Defendant was sentenced in May 2017. The Court calculated a Guidelines range of 188 to 235 months of imprisonment with an offense level of 32 and criminal history category of V. Sent. Tr. at 6, 19. The Court sentenced Defendant to a below-Guidelines sentence of 160 months' imprisonment, which was adjusted pursuant to Section 5G1.3(b) for the approximately 36 months Mr. Ross had served in New York State prison for relevant conduct. Id. at 6, 23. In imposing the sentence, the Court took into account Mr. Ross's “extensive criminal history despite his young age, ” including an assault that resulted in the “punching of a baby” and another assault committed while on probation. Id. at 20-21. It determined that due to the “extreme level of violence that Mr. Ross was involved with, ” a “very serious sentence” was warranted. Id. at 21. However, in sentencing Mr. Ross to a below-Guidelines sentence, the Court also considered Mr. Ross's history and characteristics-including his troubled childhood marked by violence and poverty, his mother's death when he was a young child, his youth at the time of the offense, and his efforts at rehabilitation. Id. at 21-22. Finally, the Court also considered the “relative culpability” of Mr. Ross's co-defendants, as well as the need to avoid unwarranted sentence disparities generally. Id. at 22. Including the adjustment, Mr. Ross was ultimately sentenced to imprisonment of 123 months and 24 days, to run concurrently with his undischarged term of imprisonment for his state conviction. Id. at 23.

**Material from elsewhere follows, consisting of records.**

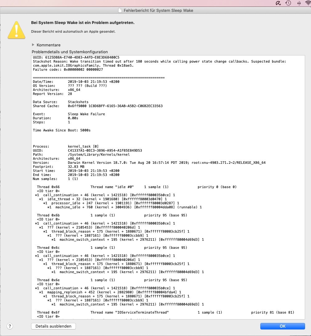 Gestern war ich dann so genervt, dass ich mir einen neuen iMac Pro bestellt habe. Wenn der komplett instaliert ist, geht mein iMac direkt zu Apple und die sollen sehen, wie sie ihn reparieren. Ist das geschehen, wandert er zu eBAY.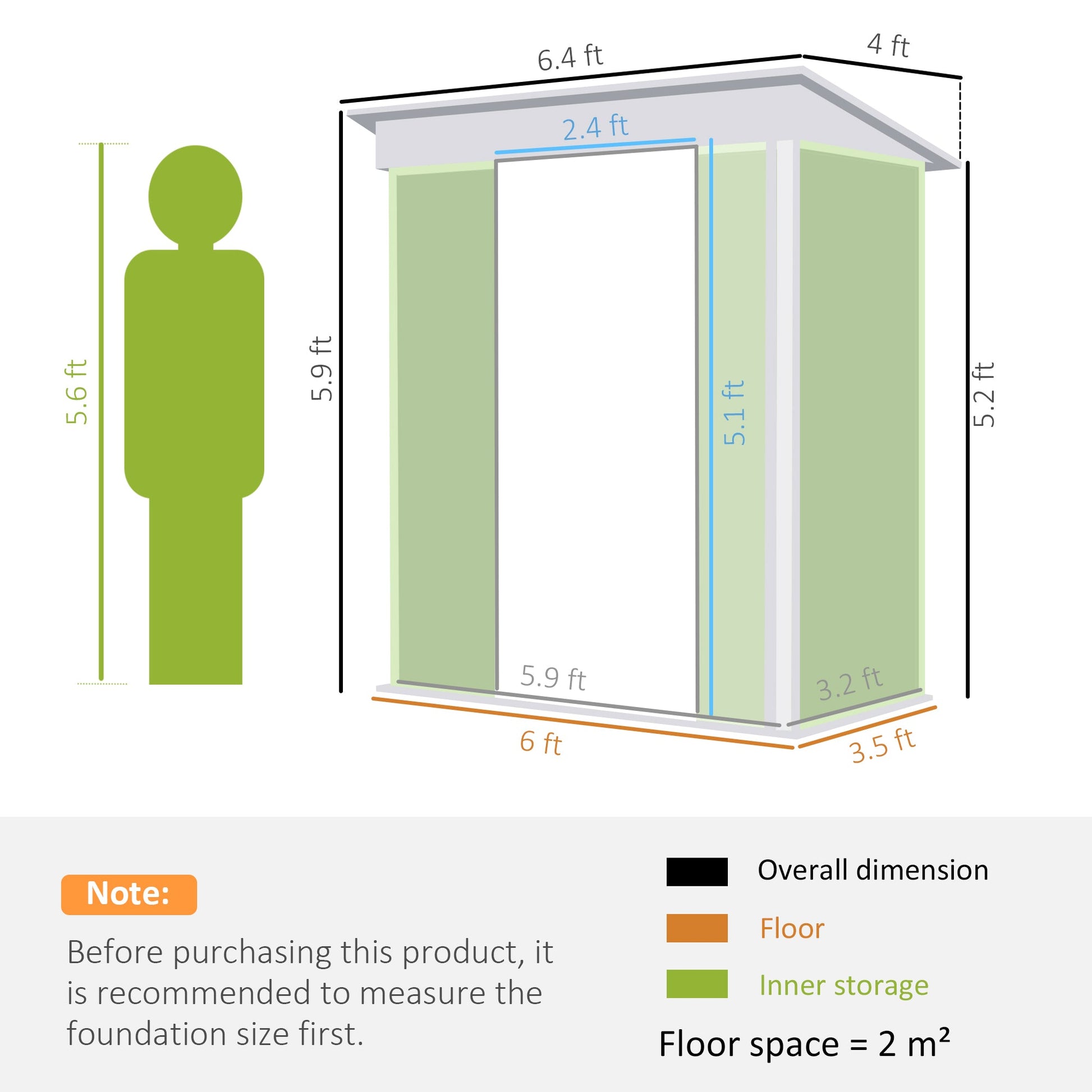 Galvanised Metal Shed, 6.5 x 4FT with Foundation Kit, Lockable Double Sliding Doors, Vents, Green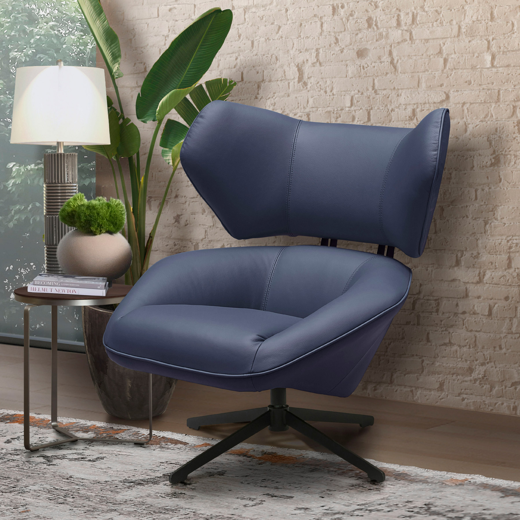 The Electra Leather Swivel Chair by Abbyson is a must have statement piece for your home, with its eye-catching egg shape and modern luxurious style. Electra is crafted fully in 100% Top Grain Leather that is soft and buttery to the touch. This accent chair features beautifully hand-crafted top stitching details throughout the seat and back, making it a stunning addition to your living space or home office. A 360-degree swivel feature, along with an elastic webbing suspension system and high-density foam seating, make this piece comfortable as well as stylish.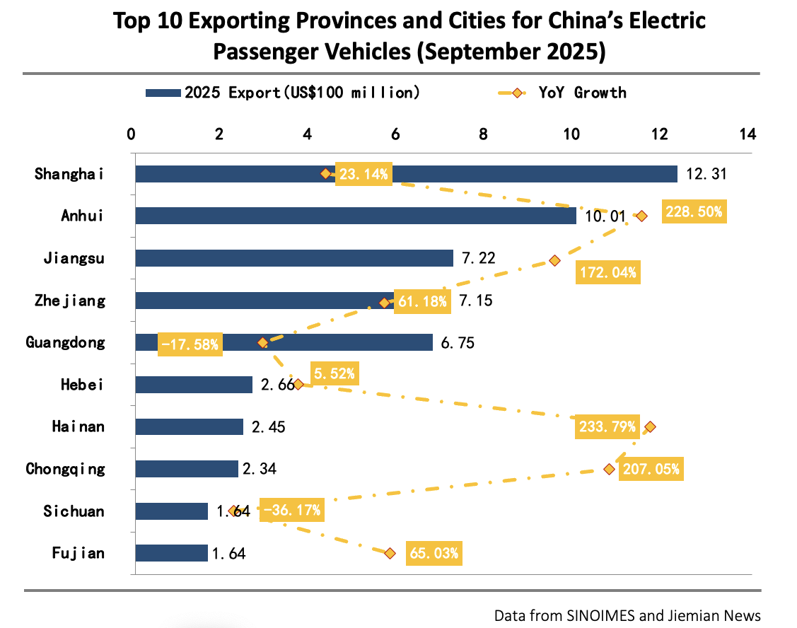 Exports in September totalled US.3 billion, rising 46.91 per cent year on year but falling 10.9 percentage points from August's elevated level. The average export price stood at US,251, around 13 per cent lower than a year ago, suggesting that the "price-for-volume" strategy employed by many carmakers earlier this year is gradually stabilising.

On October 20, 2020, Mr. Ross's counsel emailed a letter requesting compassionate release to the warden of FMC Butner. Dkt. No. 3090 at 5-6; Dkt. No. 3098 at 4 n.4. After more than 30 days elapsed without a response, Defense counsel filed the instant motion on November 18, 2020. Dkt. No. 3090. The Government filed on opposition on December 1, 2020, Dkt. No. 3098, and the Defendant filed a counseled reply on December 8, 2020, Dkt. No. 3117. Defense counsel subsequently filed several status updates as to Mr. Ross's medical condition between December 2020 and April 2021. Dkt. Nos. 3135, 3192. On January 24, 2022, the Court ordered Defense counsel to provide a status update as to Mr. Ross's medical condition. Dkt. No. 3294. Defense counsel filed a status letter on February 3, 2022, and the Government responded on February 10, 2022. The Court ordered both letters to be filed under seal as they contained Defendant's private medical information.
II. DISCUSSION
“Federal courts are forbidden, as a general matter, to modify a term of imprisonment once it has been imposed, but the rule of finality is subject to a few narrow exceptions.” Freeman v. United States, 564 U.S. 522, 526 (2011) (internal citation and quotation marks omitted). The compassionate-release statute creates one such exception: It allows a court to “reduce” a term of imprisonment, after considering the factors set forth in 18 U.S.C. § 3553(a), if “it finds that . . . extraordinary and compelling reasons warrant such a reduction . . . and that such a reduction is consistent with applicable policy statements issued by the Sentencing Commission.” 18 U.S.C. § 3582(c)(1)(A)(i)-(ii). Under the First Step Act, defendants serving their sentence may move the Court for compassionate release after they have exhausted their administrative remedies or thirty days have lapsed from the receipt of a compassionate release request by the warden. United States v. Scparta, No. 18-cr-578 (AJN), 2020 WL 1910481, at *4 (S.D.N.Y. Apr. 20, 2020).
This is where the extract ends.